# Help help help!!



## abi (Mar 25, 2011)

hello every fellow horse lover!!!

My name is Abi Hayward, and i have a favour to ask...I entered the trail of painted ponies art competition and managed to get in to the top 20 


*ITS VOTING TIME!!!!*

I was wondering, if you guys could simply click this link and 'like' my design named *'the unbreakable spirit'* , it would help me out sooo much!! so excited for this! and share if you can      

Here is the link directly to it:

http://www.trailofpaintedponies.com/poll.php


help is greatly appreciated!!

Thank you, Abi


----------



## VanillaBean (Oct 19, 2008)

I voted...good luck! BTW your painted pony is beautiful.


----------



## Horses4Healing (Feb 3, 2012)

Voted!

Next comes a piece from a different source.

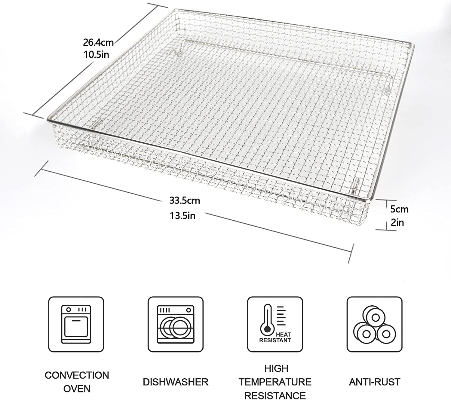 • ?【Practical Design Concept】The sturdy fence design structure can protect your food from accidentally falling due to a slight tilt. The hole spacing is reasonable, and the wavy wire mesh design is adopted to prevent food residue from sticking and is suitable for a wide range of food types.

Wish I had your skills.


----------



## CLaPorte432 (Jan 3, 2012)

I voted. (twice) Great job, it's beautiful!


----------



## Standardbred (Dec 21, 2011)

I've voted and I would just like to say that yours is beautiful and how on earth do you do something like that? 
Good work.


----------



## Ripper (Apr 1, 2012)

abi said:


> hello every fellow horse lover!!!
> 
> My name is Abi Hayward, and i have a favour to ask...I entered the trail of painted ponies art competition and managed to get in to the top 20
> 
> ...


Done!!!!!


----------



## Live2Ride15 (Feb 22, 2012)

Voted!! Great job!!!!


----------



## Horserider4ev (Apr 8, 2012)

is this done?


----------



## cinnamon (Nov 24, 2011)

just did it


----------



## abi (Mar 25, 2011)

i would just like to say i am absolutely over the moon that each one of you guys had the time to vote, thank you very much! i will let you know when the results come through, i was happy enough to be in the top 20, let alone if i came in top 5!

Il keep you posted,
best wishes

Abi


----------